但是，我希望能夠以與多邊形相同的方式訪問這些點（transformed.xpoints [0]）。 一種解決方法是將Shape轉換為Polygon，但據我所知這是不可能的。

最好的選擇是什么？

附帶說明：這是創建由4邊多邊形（矩形）組成的分形樹的練習。 我選擇使用“多邊形”以便分別將分支錨定到左上角和右上角。 如果這不必要地復雜，請告訴我。

Answer 1

您也可以使用AffineTransform轉換單個點，如下所示：

Point2D[] srcPoints = new Point2D[] { new Point(0, 0), new Point(4, 0), new Point(4, 4), new Point(4, 0) };
Point2D[] destPoints = new Point2D[4];
transform.transform(srcPoints, 0, destPoints, 0, 4);

生成的destPoints數組如下所示：

[Point2D.Float[-0.0, 0.0], Point2D.Float[-0.0, 4.0], Point2D.Float[-4.0, 4.0], Point2D.Float[-0.0, 4.0]]

Answer 2

您可以從createTransformedShape(...)返回的路徑中獲取坐標。

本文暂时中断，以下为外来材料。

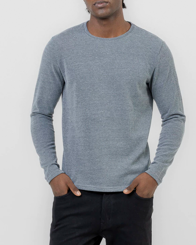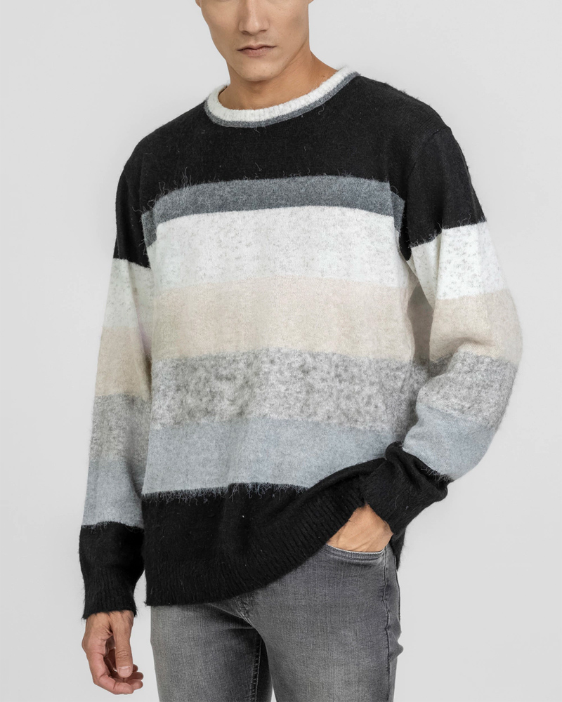 O acabamento escovado do tricot cria uma textura levemente aveludada. As listras em cores contrastantes dão movimento à peça e reforçam o estilo casual com um ar refinado. A gola, barra e punhos têm acabamento canelado, que ajuda no caimento e mantém o formato mesmo após o uso.

Path2D.Double transformed = (Path2D.Double) transform.createTransformedShape(p);

List<Double> xpointsList = new ArrayList<>();
List<Double> ypointsList = new ArrayList<>();
PathIterator pi = transformed.getPathIterator(null);

while(!pi.isDone()){
    double[] coords = new double[6];
    int type = pi.currentSegment(coords);
    if(type == PathIterator.SEG_MOVETO || type == PathIterator.SEG_LINETO){ // The only types we're interested in given the original shape
        xpointsList.add(coords[0]);
        ypointsList.add(coords[1]);
    }
    pi.next();
}

我已經有一段時間沒有這樣做了，可能有一種更簡單的方法來實現您想要的。 另外，對Path2D.Double的轉換也不理想。

Answer 3

已經有一段時間了，但是對於那些以后會遇到此問題的人，我忍不住把它放在這里。

那么，我們只使用小數位數而不是AffineTransform怎么樣？

public class ROTOR {

/**
 * Method for rotating a Point object in the XY plane or in any plane
 * parallel to the XY plane. The Point object to be rotated and the one
 * about which it is rotating must have the same Z coordinates.
 *
 * @param p a Point object in the xy plane The z coordinates of both Point
 * objects must be either the same or must both be zero.
 * @param cen a Point object about which the rotation of the first Point
 * object will occur.
 * @param angle the angle of rotation
 * @return
 */
     public static Point planarXYRotate(Point p,Point cen,double angle){

    double sin = Math.sin(angle);
    double cos = Math.cos(angle);
    double X = p.x*cos-p.y*sin+cen.x*(1-cos)+cen.y*sin;
    double Y = p.x*sin+p.y*cos+cen.y*(1-cos)-cen.x*sin;
    return new Point( (int) X, (int) Y );


    }//end method



/**
 * 
 * @param polygon The polygon to rotate
 * @param origin The point about which to rotate it.
 * @param angle The angle of rotation.
 * @return a new Polygon rotated through the specified angle and about the said point.
 */
public static Polygon rotate(Polygon polygon , Point origin , double angle){

    Point cen = new Point(origin.x , origin.y);
    Polygon newPolygon = new Polygon();

    for(int i=0;i<polygon.npoints;i++){
        Point p = new Point( polygon.xpoints[i] , polygon.ypoints[i] );
        Point point = ROTOR.planarXYRotate(p, cen, angle);
        newPolygon.addPoint((int) point.x, (int) point.y);

    }

    return newPolygon;
}

}

然后，您可以使用以下方法輕松獲取旋轉的多邊形並獲取所需的點：

Polygon rotatedPolygon = ROTOR.rotate(polygon, origin, angle);